China has become “an essential component of President Abdel Fattah el-Sisi’s agenda at home and abroad,” says Haisam Hassanein of the Washington Institute for Near East Policy. “Without its financing and expertise, showpiece projects like the New Administrative Capital and new Suez Canal industrial zone are unlikely to get off the ground.”

Battleground Africa

Egypt and China have signed deals worth $18 billion as part of the BRI in the energy, transport and real estate sectors, then Investment and International Cooperation Minister Sahar Nasr said at an International Monetary Fund (IMF) and World Bank meetings last year in Bali, Indonesia.

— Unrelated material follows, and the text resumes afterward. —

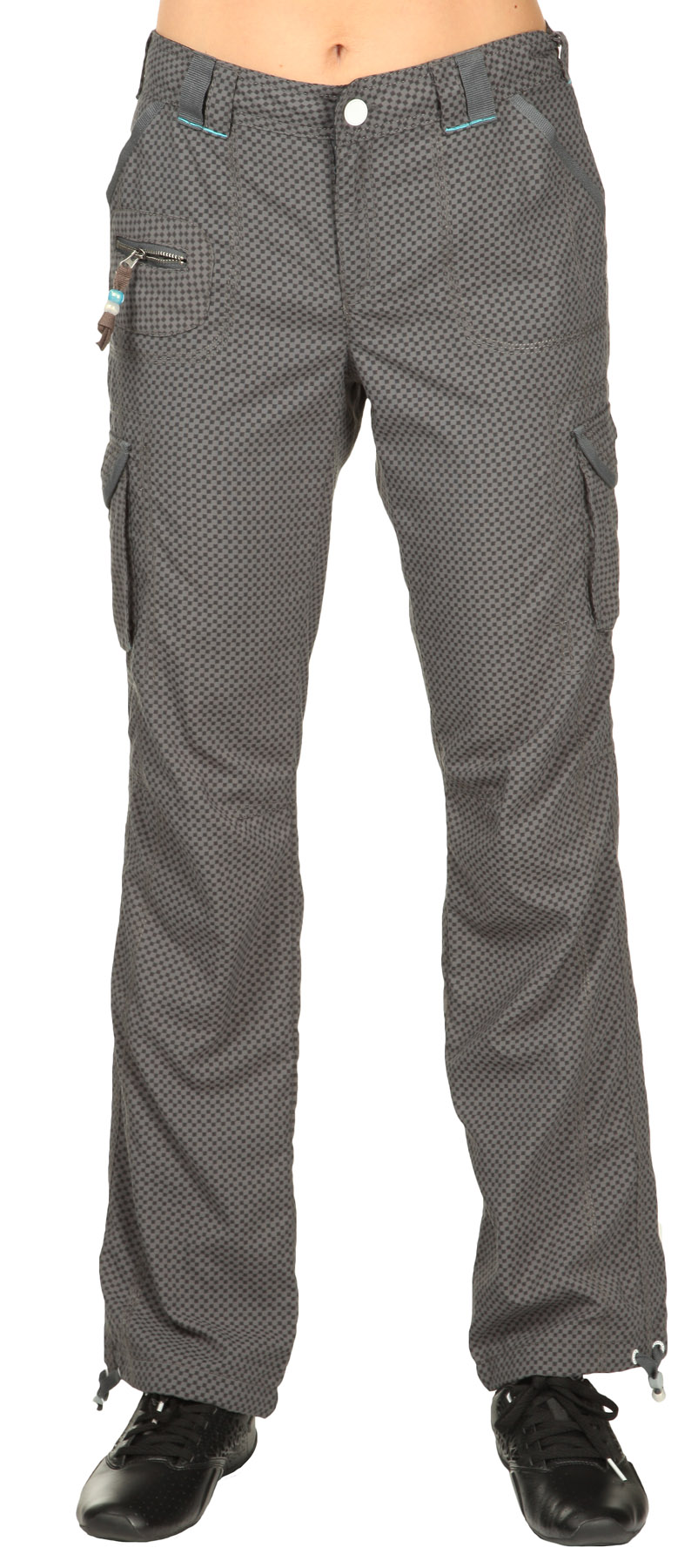 Внизу штанин расположены два шнурка, чтобы утягивать модель по обуви

Meanwhile, trade between Egypt and China increased 27.6 percent in 2018 to $13.8 billion, according to the Commercial Representative Office in Beijing. Egyptian exports exceeded $1.8 billion, a 37.8 percent increase from the previous year. China-Egypt trade was twice the value of U.S.-Egypt trade, which stood at $6.9 billion in 2018.

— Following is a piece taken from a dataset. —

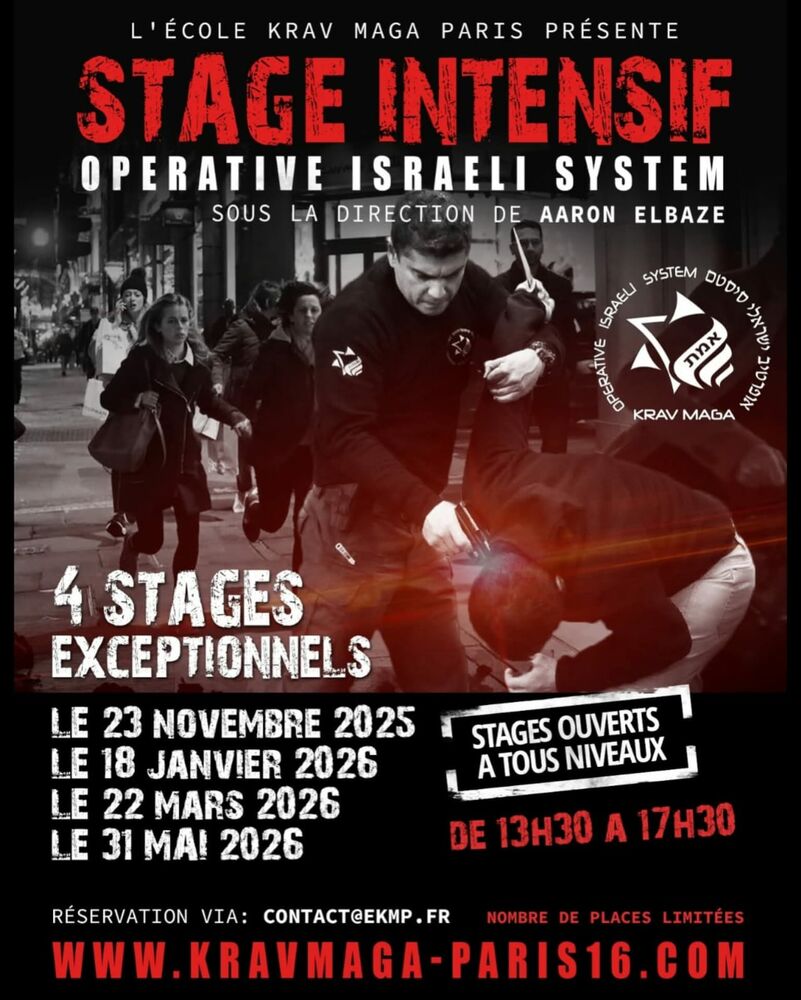 Ces stage sont dirigés par Aaron ELBAZE, développeur et instructeur chef du système OIS Operative Israeli System Emeth Krav Maga !

The New Suez Canal project should be a pivotal part of the BRI as an important maritime route from China to the West. “U.S. and Chinese firms, at least for now, are active in different sectors, and they represent different models for economic development,” according to Judd Devermont, director of the Africa Program at the Center for Strategic and International Studies. “The Africans in general will welcome the increased attention as long as it doesn’t devolve into us-or-them ultimatums.”

China’s push extends to other countries in Africa, which had seven of the world’s 20 fastest-growing economies in 2017, according to the IMF. China is building ports, roads and railways throughout the continent, but not without strings attached.

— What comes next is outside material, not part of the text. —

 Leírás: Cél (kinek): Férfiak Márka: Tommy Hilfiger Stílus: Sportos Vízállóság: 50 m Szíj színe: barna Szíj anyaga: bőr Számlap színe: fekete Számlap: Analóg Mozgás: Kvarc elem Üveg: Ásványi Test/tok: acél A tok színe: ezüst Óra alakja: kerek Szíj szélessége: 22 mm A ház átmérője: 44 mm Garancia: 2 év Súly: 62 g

Alternatively, U.S.-Africa trade has dipped in recent years to $39 billion in 2017, less than both China and the European Union, according to USAID. The value of China-Africa trade that year was $148 billion, down from a high of $215 billion in 2014, according to China’s General Administration of Customs. In the first half of 2019, China’s total trade with Africa was $101.86 billion, up 2.9 percent year-on-year.

Between eagle & dragon

“China has a lot of surplus money and its trade balance is very [favorable], therefore they are using it aggressively to gain more ground,” says Yahya El Saie, vice chairman of Consulting Engineering Co, which does business with Chinese entities.

“If you look at China as a percentage of Africa trade, you can see a rapid rise. In 2000 it was only about 5 percent, in 2018 we are now above 15 percent,” said Eisenman. In many respects, the trebling of China-Africa trade in the past decade contrasts starkly with U.S.-Africa trade, which slipped to about $61 billion in 2018, according to the U.S. Census Bureau.

Factors contributing to the decline include investment in the domestic U.S. shale oil and fracking industries; limited African finished goods available for export; and anemic African economic growth at 2.5 percent in 2018 and 2.6 percent in 2019, according to the World Bank and Devermont. The U.S. imported $99.5 billion of oil and gas from Africa in 2008; by 2018 it was $17.6 billion.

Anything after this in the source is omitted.